When you first enter the grounds of the observatory you’ll stop at the Greenway Visitor Center and Gift Shop, where there is a small museum filled with photographs taken by the telescopes at the Palomar Observatory. One photograph shows the Showmaker-Levy comet slamming into Jupiter and some show galaxies millions of light years away. Absolutely awesome. You’ll find an exact replica of Isaac Newton’s first reflecting telescope and a Warren Tome Standard, a vibrating wire astronomical clock that helped astronomers to keep accurate “star time” for years.

Across from the gift shop are the Weber Picnic Grounds, named after Gus Weber who was one of the workmen on the mountain in the 1940s. He planted the giant sequoias and California incense-cedars that tower over the Visitor Center. When picnicking or strolling on the path to the observatory you might hear an acorn woodpecker’s loud laughing call. Palomar’s other woodpecker is the Nuttall woodpecker. You might be lucky to see a few of the native band-tailed pigeons, from which Palomar derives its name. Do stay on the walkway for you might find rattlesnakes lurking beneath the western bracken ferns that blanket the meadow.

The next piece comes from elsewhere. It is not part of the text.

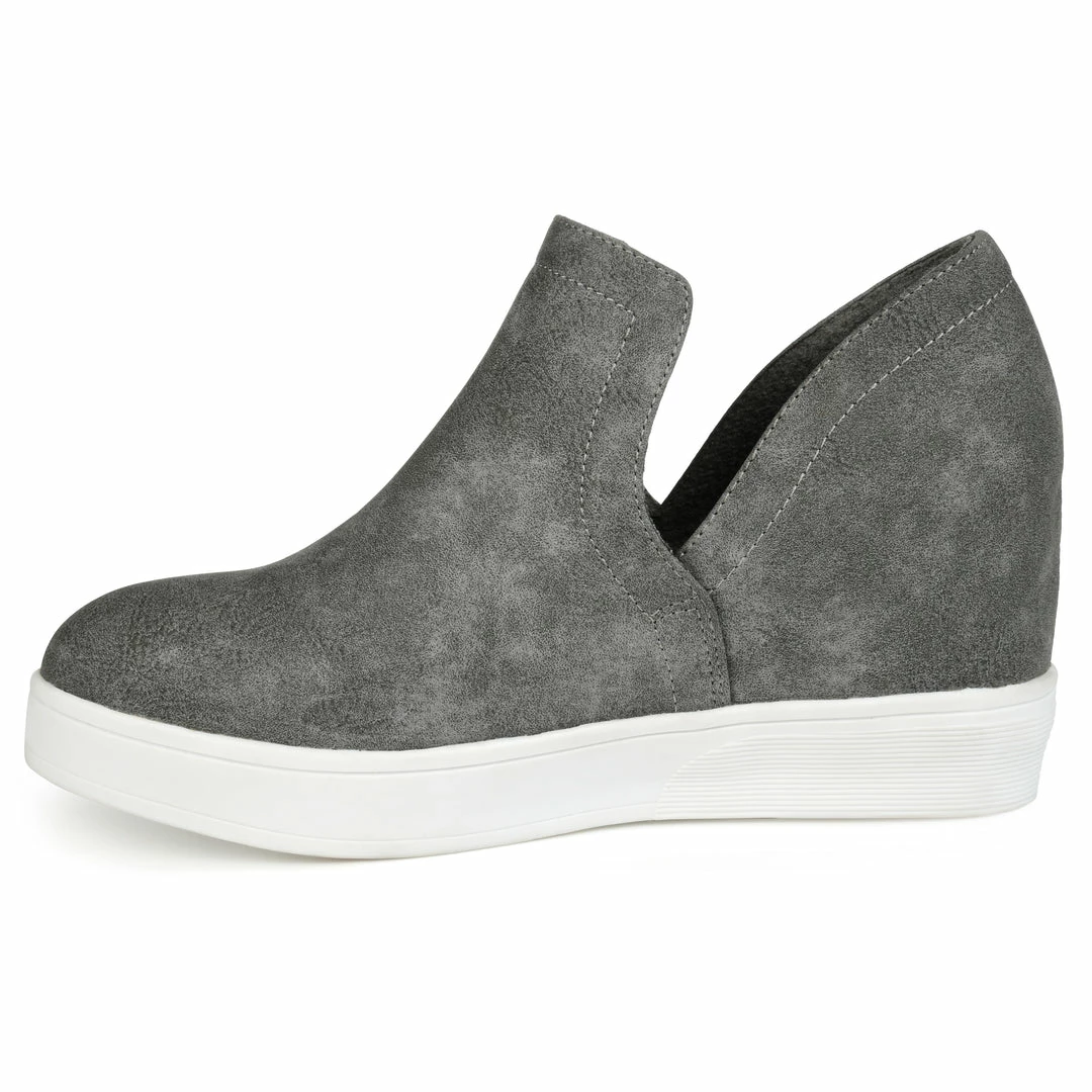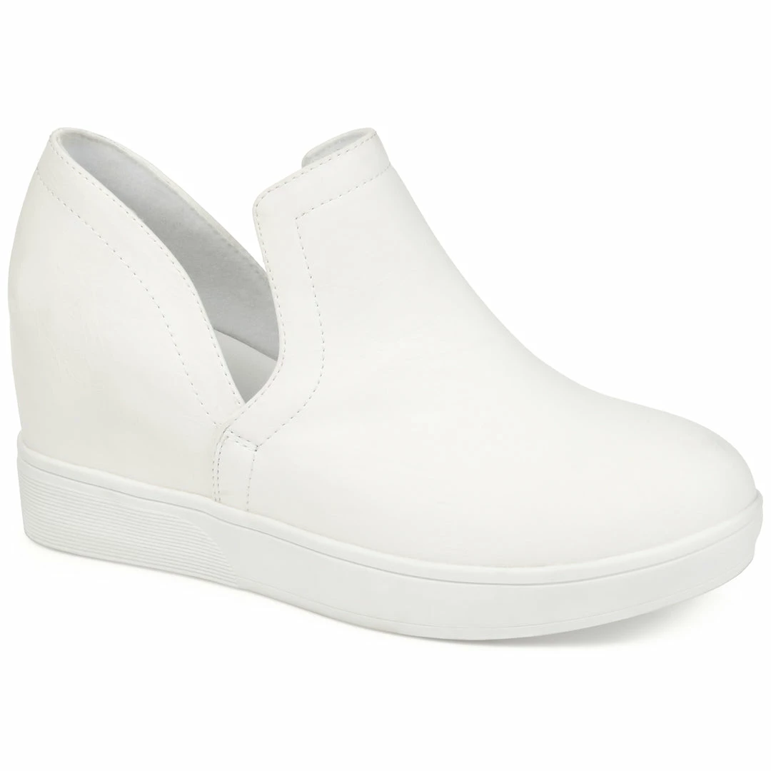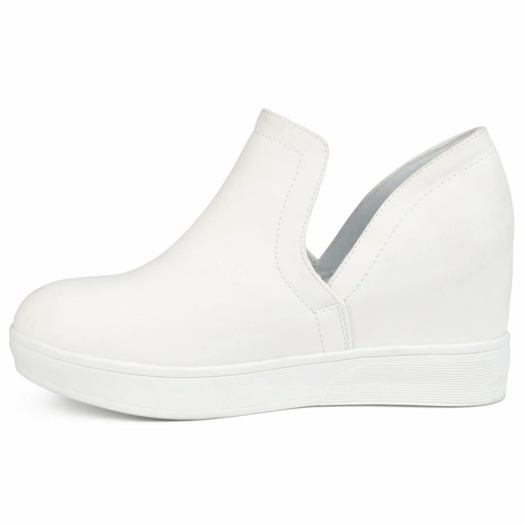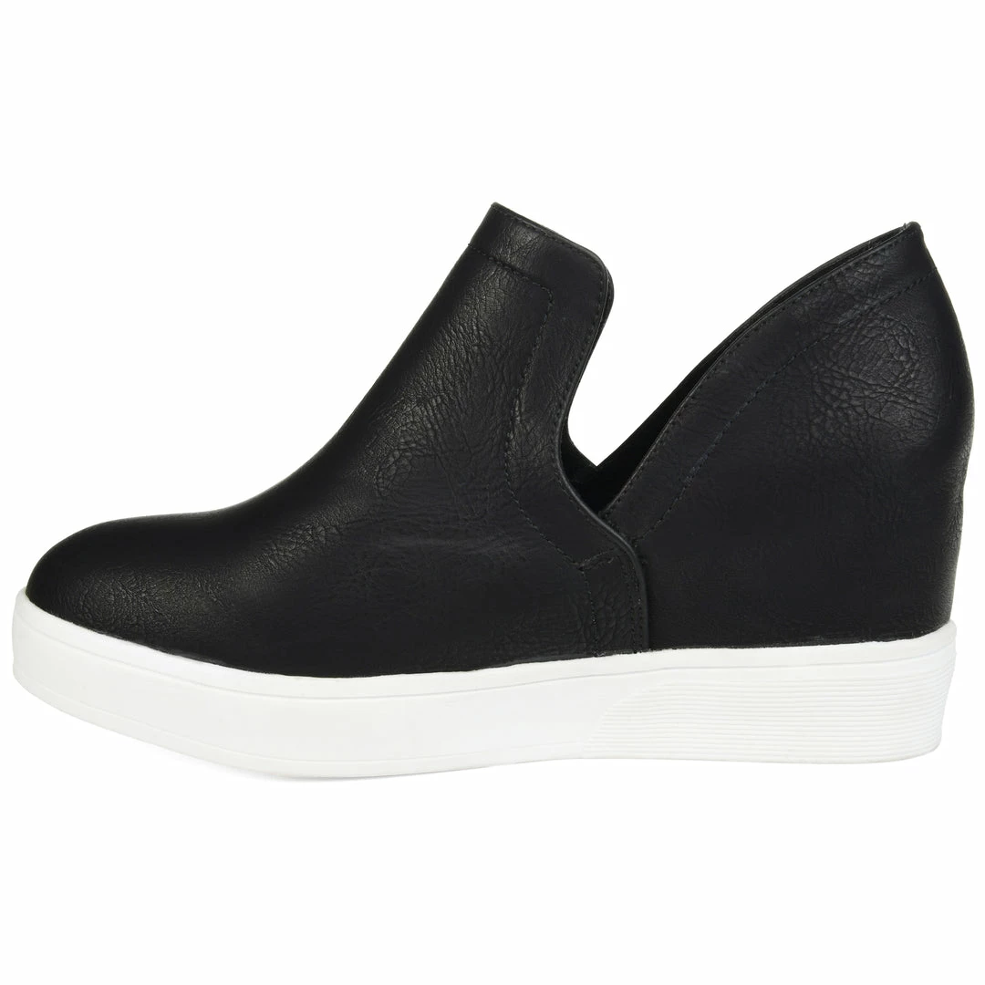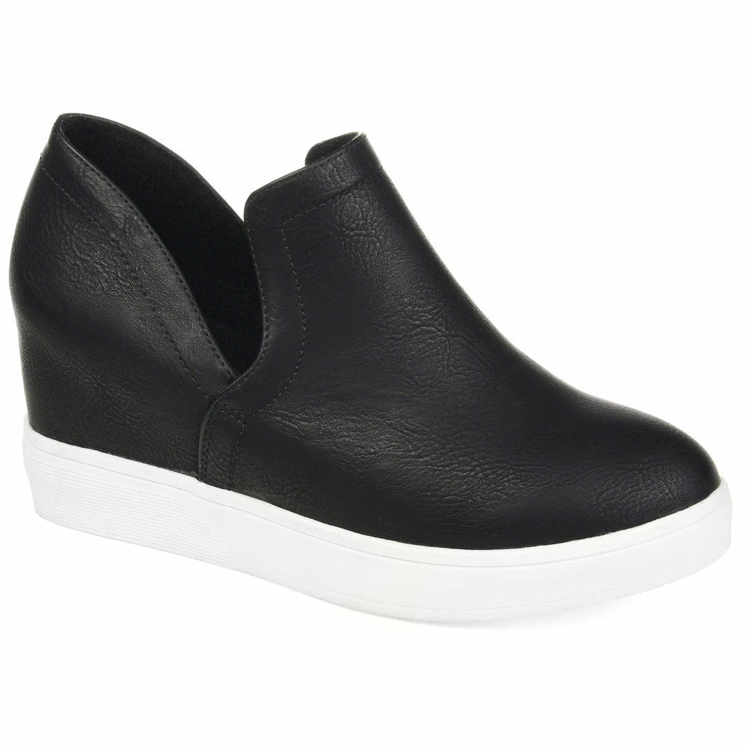 Add some freshness to your wardrobe with the Cardi sneaker by Journee Collection. This easy slip-on style shoe features a hidden wedge design with a round toe and platform bottom. The deep V side cut-outs add a unique touch and create an easy entry. Heel Height – 3-inch Heel Type – Hidden Wedge Platform Height – 1-inch Shaft Height – 3 1/2 inches Top Circumference – 11 inches Shoe Width – Medium Closure Type – Slip-on Toe Style – Round Lining – Fabric Upper Material – Faux Leather Outersole Material – Rubber Footbed – Padded

Our bus driver drove some of us to the Big Dome while others chose to stroll along the path. We were greeted by one of the astronomers who works at Palomar, Steve Clark. There are quite a few astronomers here, some from Cal Tech and others who are visitors from universities from around the world. Accommodations have been built to house these visitors because the astronomers make their observations during the night. Besides the astronomers who greet visitors, there are volunteer docents who escort visitors around the Big Dome. The dome is kept at night time temperature to protect the mirror.

Clark related the history of the making of the mirror. He shared with us how one man, George Hale, was instrumental in getting the funds for the telescope but did not live to see the fruition of his dream to build the world’s largest telescope. Hale’s motto was “Make no small plans, Dream no small dreams.” He was the one that built the 100- inch Hooker Telescope at Mt. Wilson in Pasadena.

Some surprising facts about the telescope that I learned (and I’ll only relate a very few so you’ll be piqued enough to make the trip to Palomar) are:

1) The mirror is made of Pyrex glass (yep, just like the Pyrex baking pan you have in your cupboard).

2) It took nearly a month to melt the glass needed for the mirror, and the cooling period was about 10 months.

3) The mirror was in Cal Tech’s optical shop for 11-1/2 years partly due to World War II.

4) There are now cameras that take photographs of what the telescope sees in the night sky. The astronomer sits in a room on a comfortable chairs, turns on his computer and is now able to view the night sky. He directs the telescope operator to move the telescope this way and that, depending on what he wants to observe that night.

5) Biggest surprise of all was that the telescope operator is not an astronomer.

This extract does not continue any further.